He had begun knighthood as le chevalier joyeaux, and passed through many other names, including le chevalier sans favor, le chevalier evec cour qui chant, le chevalier sans sommeil, and many others. But here he was, setting out on the greatest adventure of all and without a name.

He cast back to the final moment in the cave, when as he lay near death in that dark place, he had seen the glowing forms pass as a cross before his eyes. Such wonders he had grown accustomed to seeing as a believer in the wyrdness of life, but this time it was he who was cruxified and then arisen.

To this cross was a path upon which an Empress stood becoming, showing the way through discord. As he tried to approach, a grim knight bearing upon his shield a white rose and the number XIII. Only through Death, life; only through an end, the beginning. As the Black knight drew his sword, the Empress implored Sir Richard to try and understand, to open himself to the stroke which must come, to accept the blow for her sake, and thus ultimately for his own. The blow descended upon Richard's shoulder breaking through his paldron and breastplate, destroying his protection and releasing the flow of living blood within.

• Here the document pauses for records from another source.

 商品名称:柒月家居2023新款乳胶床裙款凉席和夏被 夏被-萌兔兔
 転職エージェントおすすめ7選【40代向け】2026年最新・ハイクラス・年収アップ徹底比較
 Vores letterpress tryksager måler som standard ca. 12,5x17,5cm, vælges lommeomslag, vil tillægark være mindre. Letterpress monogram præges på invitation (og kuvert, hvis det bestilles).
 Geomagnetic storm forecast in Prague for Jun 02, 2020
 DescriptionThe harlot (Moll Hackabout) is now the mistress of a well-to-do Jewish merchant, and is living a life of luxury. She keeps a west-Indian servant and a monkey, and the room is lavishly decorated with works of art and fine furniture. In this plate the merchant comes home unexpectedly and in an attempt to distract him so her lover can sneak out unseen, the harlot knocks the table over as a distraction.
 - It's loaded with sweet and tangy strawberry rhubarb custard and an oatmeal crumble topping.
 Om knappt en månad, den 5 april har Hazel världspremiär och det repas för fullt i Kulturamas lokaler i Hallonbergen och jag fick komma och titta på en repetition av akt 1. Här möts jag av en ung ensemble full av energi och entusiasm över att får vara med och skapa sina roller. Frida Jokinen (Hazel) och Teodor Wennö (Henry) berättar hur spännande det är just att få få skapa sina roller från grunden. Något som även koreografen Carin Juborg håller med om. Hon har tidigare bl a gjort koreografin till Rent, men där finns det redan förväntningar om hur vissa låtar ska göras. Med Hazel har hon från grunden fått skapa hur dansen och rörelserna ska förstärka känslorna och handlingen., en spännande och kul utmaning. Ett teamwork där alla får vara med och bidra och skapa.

And then the blade and knight were gone and he stood beside the Lady who told him to trust what had come to pass and in time through openess and acceptance of his own vulnerabilty, to heal and live again.

Then came a man with Two Staves. A rich merchant, well to do in the world and no doubt Lord with dominions. Seeing the weak legs of Sir Richard, he gave him his second staff. The knight grew stronger and stood upright, sure of his ability now to continue the path. The lady then produced two cups and admonishing the knight to be Temperant, shared with him a toast.

"To the balance we must find to walk this path," she said and saying so drained her cup. Sir Richard drank too and found himself flowing with strong patience, to come or to go, to strike or to spare, to speak or to be silent.

The Two Cups reminded him of when he once shared table with a lady. When he thought he could nourish love and find inspiration therein. The image brought him sharply to focus on his past.

And as he turned to proceed down the path, he passed through Four upright Wands, marking the beginning of his venture. He knew now he could find success along this road in time if he could pace himself. Such balanced goals must surely succeed.

But his body was sore with aches and weak. He had a Devil of a time overcoming the desire to simply lay beside the road and sleep awhile. After all, he was tired and who was to say other than that he could do as he pleased. But he reminded himself that his goal was not so simple. Some nagging needs must be passed by if the true vision is to be found.

And as he debated this to himself, he found Three Coins upon the path. Pocketing them, he knew in time he would find a place to stay much better than the roadside. It was time to proceed and find the bridge into the city wherein he would find a new and better place to be.

And there beside the road was a stone, within which a single sword was thrust. He went to the sword and drew it from the stone with one pull. Now he was truly a Knight since he had a Sword again. The grip felt familiar and yet he knew he would find new skills in its use too.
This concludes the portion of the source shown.